Vegetable and plant products to feed can be any leafy green vegetable, cauliflower, broccoli (don't over do it to avoid stomach distress at first), brussel sprouts, sweet potatoes, pumpkin, squash, carrots (baby carrots are a WoofGang favorite treat), fresh fruit, beans (don't experiment when having company over!) and whole grains.
Lastly, you should include a variety of oils such as cod liver, soybean, wheat germ, cottonseed, safflower, sunflower, or peanut oil.
Many of my raw-feeding friends also add a vitamin supplement, brewers yeast, or kelp powder to round out the diet.
I am an occasional juicer, so many times I will feed the dogs the pulp from the carrot-celery-ginger-kale-swiss chard-or-whatever cocktail I make for myself. I pour some of the juice back on top of it to moisten it and Boomer and Daisy gobble it down!
Feed your dog about 2-3 percent of its weight in food per day. Boomer is full-grown at about 80 pounds, so he eats about two pounds of food per day. Daisy, at around 50 pounds, eats around 1.5 pounds per day.
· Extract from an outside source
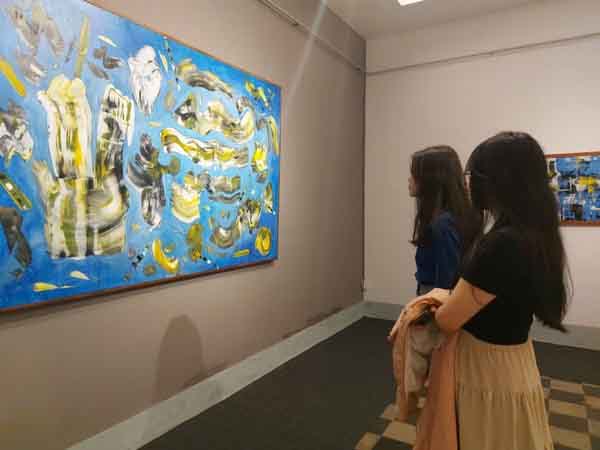 Các bạn trẻ đến xem triển lãm “Giấc mơ siêu thực” của họa sĩ Đinh Phong tại Bảo tàng Nghệ thuật TP.HCM.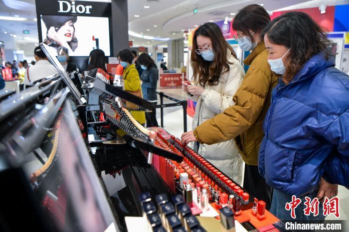 顾客在中免集团海口日月广场免税店选购化妆品。 骆云飞 摄

On the raw diet, your dog probably won't drink as much water as before. This is normal for a raw-fed dog. His raw diet supplies much of what Fido needs.
Please do your own research if you decide to feed a strict vegetarian diet to your dog. I know of no one feeding this diet and cannot comment on its efficacy from any of my research.
As with any diet change, you should make the transition to raw food over a week to ten days. Once you understand and get comfortable with it, you may find--as we did--that it's a great way to go. We'd love to hear your success stories with raw food feeding.
Now, hand me that package of raw chicken wings. It's mealtime.